Collection entries
_ _ _ _ _ _ _
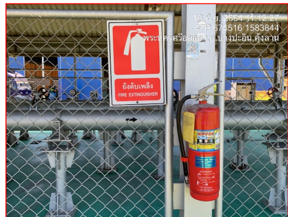
การติดตั้งถังดับเพลิงภายในสถานีควบคุมความดัน และวัดปริมาณก๊าซ

ภาพที่ 3.2-1 ภาพถ่ายระบบรักษาความปลอดภัยบริเวณสถานีก๊าซโครงการวางทอส่งก๊าซธรรมชาติ ไปยัง บริษัท ไอสอท จำกัด
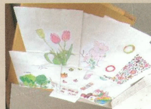
利用者お手製紙袋も好評販売中！
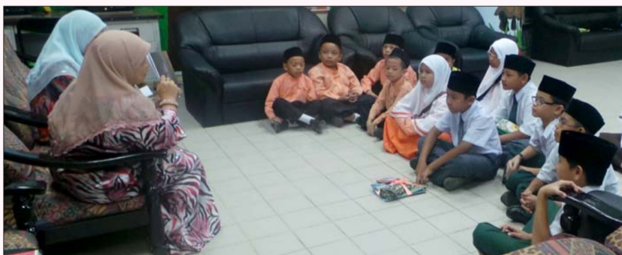
ANTARA para murid yang menyertai aktiviti-aktiviti yang disediakan oleh Perpustakaan Dewan Bahasa dan Pustaka Temburong bersempena Sambutan Hari Buku Sedunia 2013.

Di samping itu, dengan adanya sambutan seumpamanya diharap akan dapat memasyarakatkan budaya membaca dan membudayakan mesra perpustakaan serta merealisasikan pembelajaran sepanjang hayat ke arah melahirkan masyarakat Brunei yang berilmu, bermaklumat dan berpengetahuan.
_ _ _ _ _ _ _
Aim of the exercise: Output the data above without changes, apart from leaving out the pictures.

Result of the task:
การติดตั้งถังดับเพลิงภายในสถานีควบคุมความดัน และวัดปริมาณก๊าซ

ภาพที่ 3.2-1 ภาพถ่ายระบบรักษาความปลอดภัยบริเวณสถานีก๊าซโครงการวางทอส่งก๊าซธรรมชาติ ไปยัง บริษัท ไอสอท จำกัด
利用者お手製紙袋も好評販売中！
ANTARA para murid yang menyertai aktiviti-aktiviti yang disediakan oleh Perpustakaan Dewan Bahasa dan Pustaka Temburong bersempena Sambutan Hari Buku Sedunia 2013.

Di samping itu, dengan adanya sambutan seumpamanya diharap akan dapat memasyarakatkan budaya membaca dan membudayakan mesra perpustakaan serta merealisasikan pembelajaran sepanjang hayat ke arah melahirkan masyarakat Brunei yang berilmu, bermaklumat dan berpengetahuan.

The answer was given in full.